■ **WHAT THE TASK REQUIRES**:
Would you please repeat exactly the entries below, starting at the line with "White Mark V-Neck" and ending at the line with "[출판사로부터 도서 협찬을", and nothing outside that range? Leave out the pictures.

■ **SOURCE INFORMATION**:
——————————

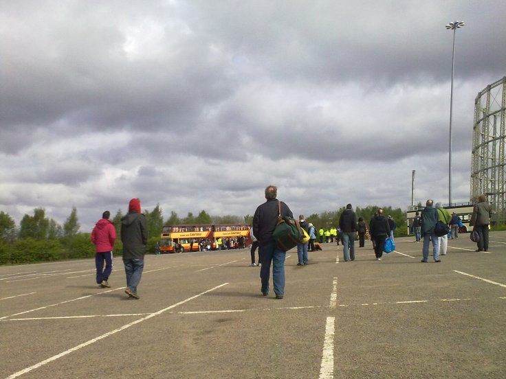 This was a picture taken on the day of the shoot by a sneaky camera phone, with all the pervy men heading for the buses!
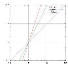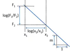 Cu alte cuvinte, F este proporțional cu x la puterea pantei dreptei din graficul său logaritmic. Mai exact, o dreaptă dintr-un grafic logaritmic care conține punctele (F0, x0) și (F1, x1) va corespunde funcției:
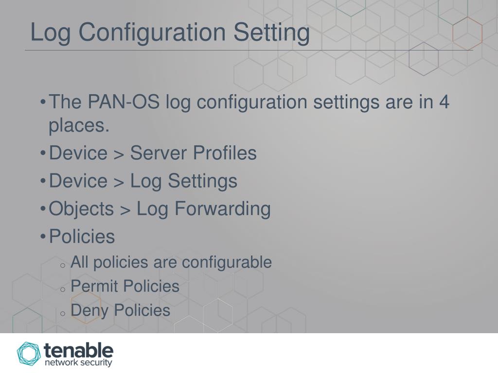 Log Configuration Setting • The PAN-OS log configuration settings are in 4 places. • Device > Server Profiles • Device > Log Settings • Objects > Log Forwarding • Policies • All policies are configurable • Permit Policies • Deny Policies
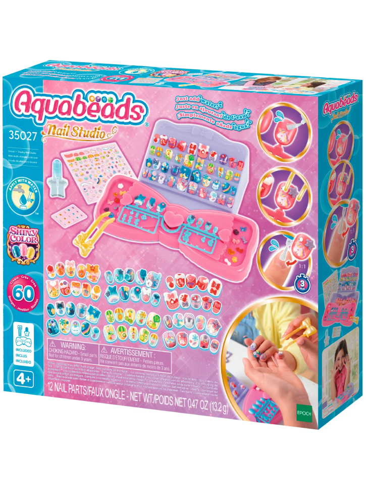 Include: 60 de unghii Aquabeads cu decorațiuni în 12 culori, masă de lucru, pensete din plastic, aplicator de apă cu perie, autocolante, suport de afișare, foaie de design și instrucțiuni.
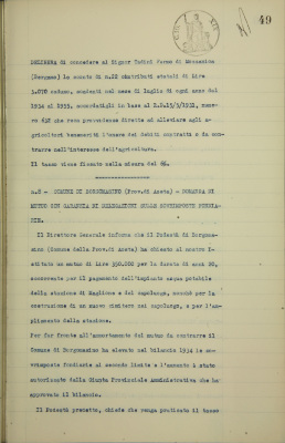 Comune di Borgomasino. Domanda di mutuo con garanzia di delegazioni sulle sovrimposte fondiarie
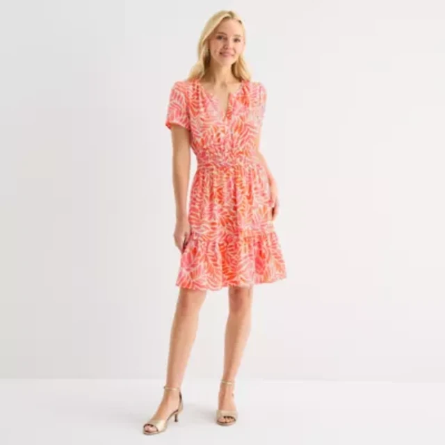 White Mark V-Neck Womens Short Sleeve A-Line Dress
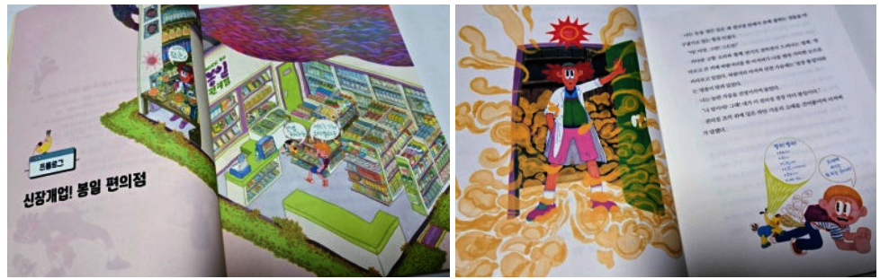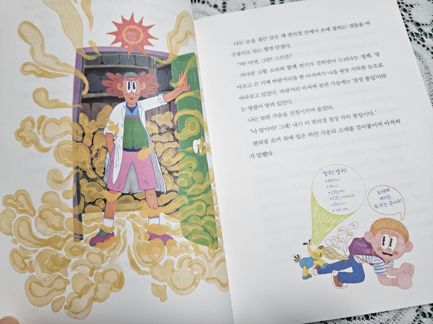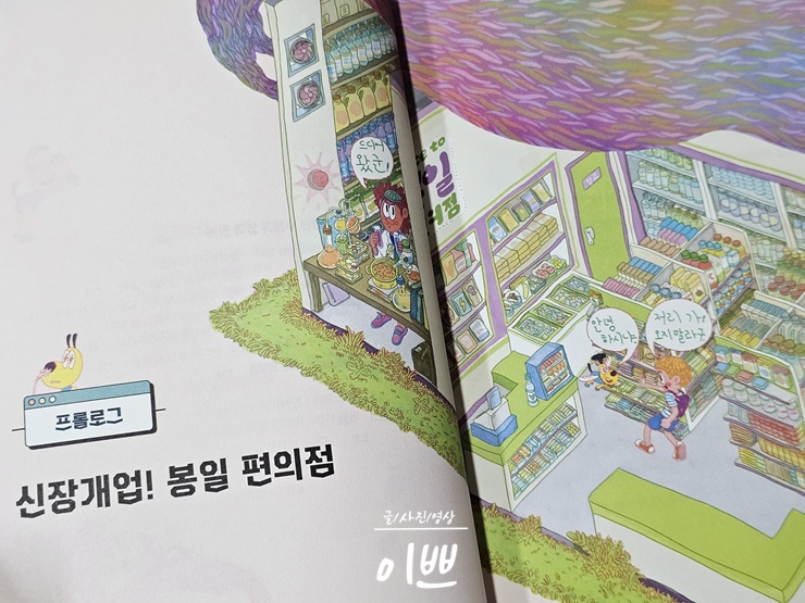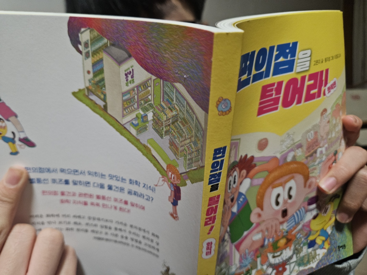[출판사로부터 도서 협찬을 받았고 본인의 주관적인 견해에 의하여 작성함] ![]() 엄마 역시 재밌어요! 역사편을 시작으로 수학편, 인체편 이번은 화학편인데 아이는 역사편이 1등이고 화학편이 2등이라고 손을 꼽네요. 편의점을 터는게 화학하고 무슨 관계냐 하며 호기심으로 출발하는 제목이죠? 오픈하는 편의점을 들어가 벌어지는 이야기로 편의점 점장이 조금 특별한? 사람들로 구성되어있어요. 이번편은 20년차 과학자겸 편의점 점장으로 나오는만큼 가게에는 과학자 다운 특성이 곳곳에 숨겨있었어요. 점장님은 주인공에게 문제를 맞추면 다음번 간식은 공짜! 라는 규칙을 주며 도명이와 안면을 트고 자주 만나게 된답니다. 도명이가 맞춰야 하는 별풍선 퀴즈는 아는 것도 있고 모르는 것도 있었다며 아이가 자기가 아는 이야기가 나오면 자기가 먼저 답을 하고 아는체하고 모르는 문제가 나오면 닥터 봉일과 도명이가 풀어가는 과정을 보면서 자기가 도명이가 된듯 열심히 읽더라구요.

——————————

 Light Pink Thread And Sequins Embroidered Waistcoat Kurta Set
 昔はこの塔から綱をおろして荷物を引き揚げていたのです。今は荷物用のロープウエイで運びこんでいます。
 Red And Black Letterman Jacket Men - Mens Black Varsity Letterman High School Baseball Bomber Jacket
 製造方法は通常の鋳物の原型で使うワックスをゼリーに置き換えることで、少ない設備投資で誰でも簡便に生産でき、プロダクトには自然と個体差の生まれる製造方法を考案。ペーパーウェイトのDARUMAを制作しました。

——————————

■ **SOLUTION FOR THIS EXERCISE**:
 White Mark V-Neck Womens Short Sleeve A-Line Dress
[출판사로부터 도서 협찬을 받았고 본인의 주관적인 견해에 의하여 작성함] ![]() 엄마 역시 재밌어요! 역사편을 시작으로 수학편, 인체편 이번은 화학편인데 아이는 역사편이 1등이고 화학편이 2등이라고 손을 꼽네요. 편의점을 터는게 화학하고 무슨 관계냐 하며 호기심으로 출발하는 제목이죠? 오픈하는 편의점을 들어가 벌어지는 이야기로 편의점 점장이 조금 특별한? 사람들로 구성되어있어요. 이번편은 20년차 과학자겸 편의점 점장으로 나오는만큼 가게에는 과학자 다운 특성이 곳곳에 숨겨있었어요. 점장님은 주인공에게 문제를 맞추면 다음번 간식은 공짜! 라는 규칙을 주며 도명이와 안면을 트고 자주 만나게 된답니다. 도명이가 맞춰야 하는 별풍선 퀴즈는 아는 것도 있고 모르는 것도 있었다며 아이가 자기가 아는 이야기가 나오면 자기가 먼저 답을 하고 아는체하고 모르는 문제가 나오면 닥터 봉일과 도명이가 풀어가는 과정을 보면서 자기가 도명이가 된듯 열심히 읽더라구요.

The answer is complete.